I could help with mutation analysis on a research basis, but you would then have to confirm using a CLIA-approved lab. Radiation sensitivity would be important, but can best be done on fibroblasts. Again, I could help is a skin biopsy is made available (at the time of placing a central line?). Also, activated T cells in patients with leaky SCID die of activation-induced cell death following mitigen stimulation. You may want to consider CFSE staining and analysis of annexin V staining following in vitro activation to pick up such a possibility.
In my personal experience, these patients do require imune suppression to control erythroderma/organ damage (which I would assume is due to infiltrating T cells). This patient may need a transplant pretty soon, no matter whether a mutation is found or not.

Luigi D. Notarangelo


Luigi D. Notarangelo, M.D.
Jeffrey Modell Chair of Pediatric Immunology Research in Boston Director, Research and Molecular Diagnosis Program on Primary Immunodeficiencies Division of Immunology, Children's Hospital Professor of Pediatrics and Pathology, Harvard Medical School Karp Building, 9th floor, Rm 09210
1 Blackfan Circle
Boston, MA 02115
USA

(tel) (617)-919-2276
(fax) (617)-730-0709


Secretary: Luisa Raleza
email: luisa.raleza at childrens.harvard.edu





On 10/28/09 2:14 PM, "Aly.Mageed at devoschildrens.org" <Aly.Mageed at devoschildrens.org> wrote:

I would like to get the groups' opinion regarding a 5 months old white male who presented at 3 months with recurrent URIs and eczematous rash. IgG was 62, IgA<8, IgM was 5, and IgE was 33.  WBC was 15,000 with 16% lymphs and 44% Eos. Flow data: 2418 lymphs, CD19= 1 cell, CD3 =1812 and CD16=585. Diagnosed as potential Bruton's and started on I g replacement and Btk genetic testing (full-gene sequencing of all 19 exons with intron-exon boundaries and UTRs) was performed and did not reveal any mutations and Btk protein was also normal by intracellular flow cytometry on monocytes. No transfusions and no sibs.
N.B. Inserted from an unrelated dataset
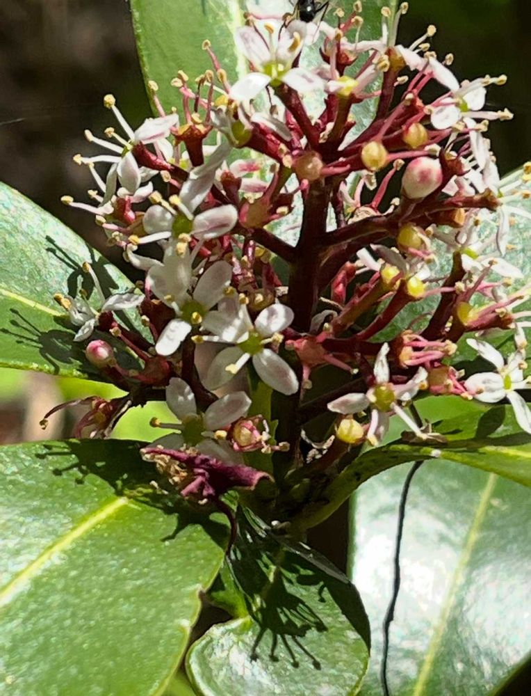 お邪魔~😃🙋 ミヤマシキミってこういうお花が咲くんだね🎵

Recent flow shows CD3= 5020, CD8= 2655 and CD4=1613 cells/uL with 14.41% DNT cells.  ALPS screening (despite lack of classic ALPS presentation) revealed only 0.5% of the DNT cells expressed the alpha-beta TCR (were also B220 negative).  The remaining DNT cells were negative for ab TCR, and may presumably be gd+ T cells.  Mitogen stim showed only 2% PHA, 40% PWM and 1% ConA relative to the normal control.  TRECs were undetectable.  CD4 RTE (CD4+CD31+CD45RA+) was 0.2% (only 3 cells/uL).  Next to zero naïve CD45RA+ T cells and the majority of the CD4 T cells express CD45RO (~99%).  The CD8 RTE (CD8+CD103+CD62L+CD45RO-) showed an apparent increase due to the overall CD8 lymphocytosis, however, again on examination of the CD45RA gate, there were hardly any CD45RA+ CD8 T cells present, the majority were CD45RO+ (>99%).  Therefore, in reality, CD8 RTE is also absent.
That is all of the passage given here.